[RFC PATCH 0/4] Xe driver asynchronous notification mechanism

Thomas Hellström posted 4 patches 1 week, 5 days ago
MAINTAINERS                          |   1 +
drivers/gpu/drm/xe/Kconfig           |   1 +
drivers/gpu/drm/xe/Makefile          |   1 +
drivers/gpu/drm/xe/xe_debugfs.c      |   4 +-
drivers/gpu/drm/xe/xe_device.c       |   8 ++
drivers/gpu/drm/xe/xe_device_types.h |   6 ++
drivers/gpu/drm/xe/xe_vm.c           | 135 ++++++++++++++++++++++++++-
drivers/gpu/drm/xe/xe_vm.h           |  13 ++-
drivers/gpu/drm/xe/xe_vm_types.h     |   3 +
drivers/gpu/drm/xe/xe_watch_queue.c  | 111 ++++++++++++++++++++++
drivers/gpu/drm/xe/xe_watch_queue.h  |  20 ++++
include/uapi/drm/xe_drm.h            |  91 +++++++++++++++++-
include/uapi/drm/xe_drm_events.h     |  62 ++++++++++++
include/uapi/linux/watch_queue.h     |   3 +-
kernel/watch_queue.c                 |  13 ++-
15 files changed, 462 insertions(+), 10 deletions(-)
create mode 100644 drivers/gpu/drm/xe/xe_watch_queue.c
create mode 100644 drivers/gpu/drm/xe/xe_watch_queue.h
create mode 100644 include/uapi/drm/xe_drm_events.h
[RFC PATCH 0/4] Xe driver asynchronous notification mechanism
Posted by Thomas Hellström 1 week, 5 days ago
There is a need to inform user-space clients when a rebind worker
has ran out of memory so that it can react, adjust its working-set
and restart the job.

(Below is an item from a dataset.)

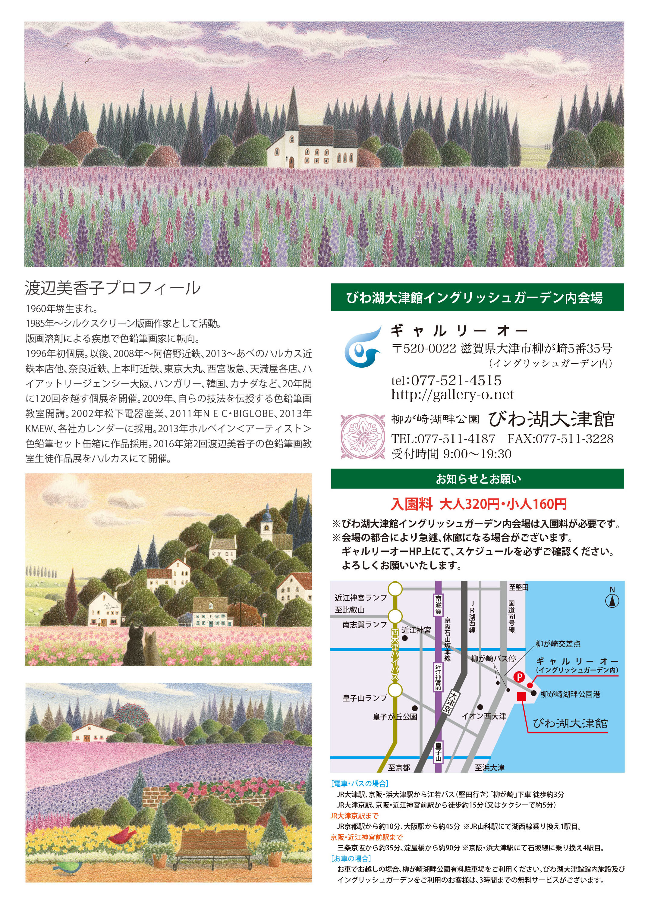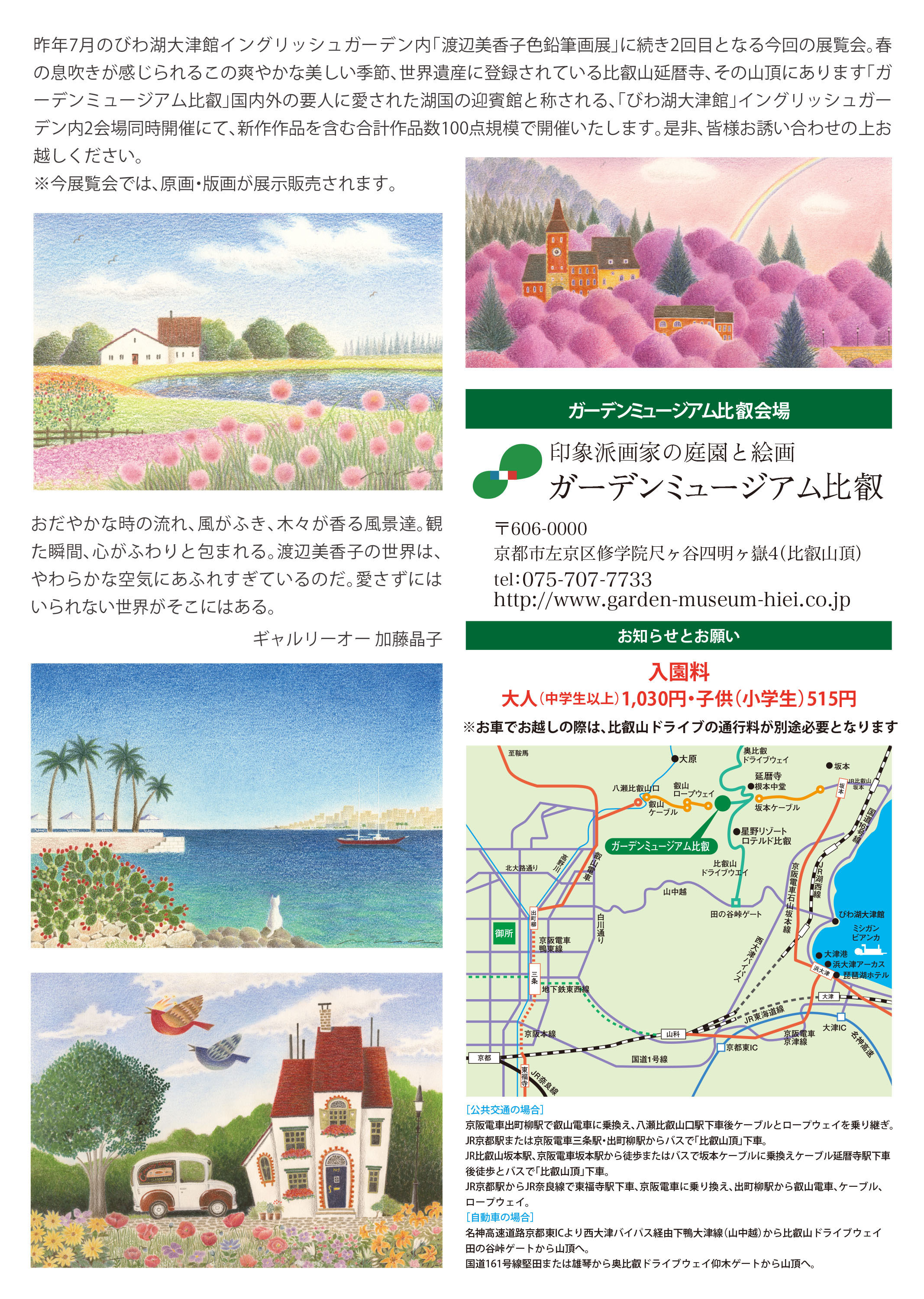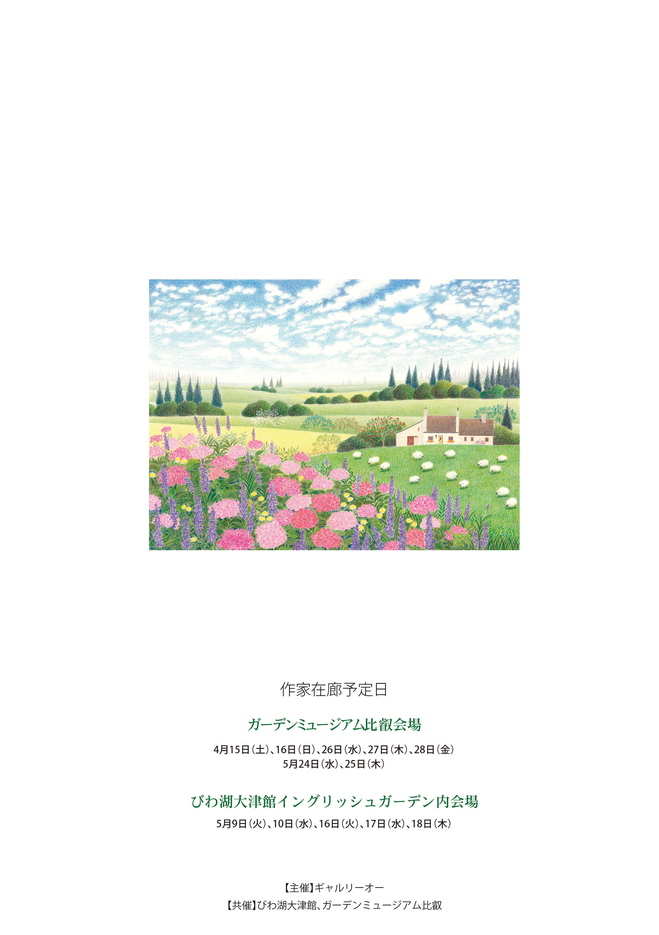 昨年7月の びわ湖大津館イングリッシュガーデン内「渡辺美香子色鉛筆画展」に続き 2回目となる今回の展覧会。 春の息吹きが感じられるこの爽やかな美しい季節、 世界遺産に登録されている比叡山内にある「ガーデンミュージアム比叡」と 、 国内外の要人に愛された湖国の迎賓館と称される「びわ湖大津館」イングリッシュガーデン内 2会場同時開催にて、 新作作品を含む合計作品数100点規模で開催いたします。 是非、皆様お誘い合わせの上お越しください。 ※今展覧会では、原画・版画が展示販売されます。

This patch series aims to start a discussion
about the best way to accomplish this.

The series builds on the core "general notification mechanism" or
"watch_queue", and attaches a watch queue to each xe drm file.

The watch_queue is extremely flexible and allows filtering out
events of interest at the kernel level. There can be multiple
listeners.

Patch 1 Implements a restart IOCTL for rebind-workers
      paused on OOM.
Patch 2 Adds fault-injection into the rebind worker for
      testing.
Patch 3 Adds a DRM_XE_NOTIFY watch_type.
Patch 4 Implements watch_queue event sending from within
      xe.

igt series:
Test-with: https://patchwork.freedesktop.org/series/168429/

Compute UMD side is not available yet. Will be available before
final review.

Thomas Hellström (4):
  drm/xe: Add DRM_IOCTL_XE_VM_RESTART IOCTL
  drm/xe: Add fault injection for rebind worker -ENOSPC
  watch_queue: Add a DRM_XE_NOTIFY watch type and export init_watch()
  drm/xe: Add watch_queue-based device event notification

 MAINTAINERS                          |   1 +
 drivers/gpu/drm/xe/Kconfig           |   1 +
 drivers/gpu/drm/xe/Makefile          |   1 +
 drivers/gpu/drm/xe/xe_debugfs.c      |   4 +-
 drivers/gpu/drm/xe/xe_device.c       |   8 ++
 drivers/gpu/drm/xe/xe_device_types.h |   6 ++
 drivers/gpu/drm/xe/xe_vm.c           | 135 ++++++++++++++++++++++++++-
 drivers/gpu/drm/xe/xe_vm.h           |  13 ++-
 drivers/gpu/drm/xe/xe_vm_types.h     |   3 +
 drivers/gpu/drm/xe/xe_watch_queue.c  | 111 ++++++++++++++++++++++
 drivers/gpu/drm/xe/xe_watch_queue.h  |  20 ++++
 include/uapi/drm/xe_drm.h            |  91 +++++++++++++++++-
 include/uapi/drm/xe_drm_events.h     |  62 ++++++++++++
 include/uapi/linux/watch_queue.h     |   3 +-
 kernel/watch_queue.c                 |  13 ++-
 15 files changed, 462 insertions(+), 10 deletions(-)
 create mode 100644 drivers/gpu/drm/xe/xe_watch_queue.c
 create mode 100644 drivers/gpu/drm/xe/xe_watch_queue.h
 create mode 100644 include/uapi/drm/xe_drm_events.h

-- 
2.54.0

Re: [RFC PATCH 0/4] Xe driver asynchronous notification mechanism
Posted by Christian König 1 week, 2 days ago
Hi Thomas, Srini,

Srini is already working quite a while on something similar for amdgpu. We use eventfd and a device specific IOCTL instead of the watch_queue proposed here.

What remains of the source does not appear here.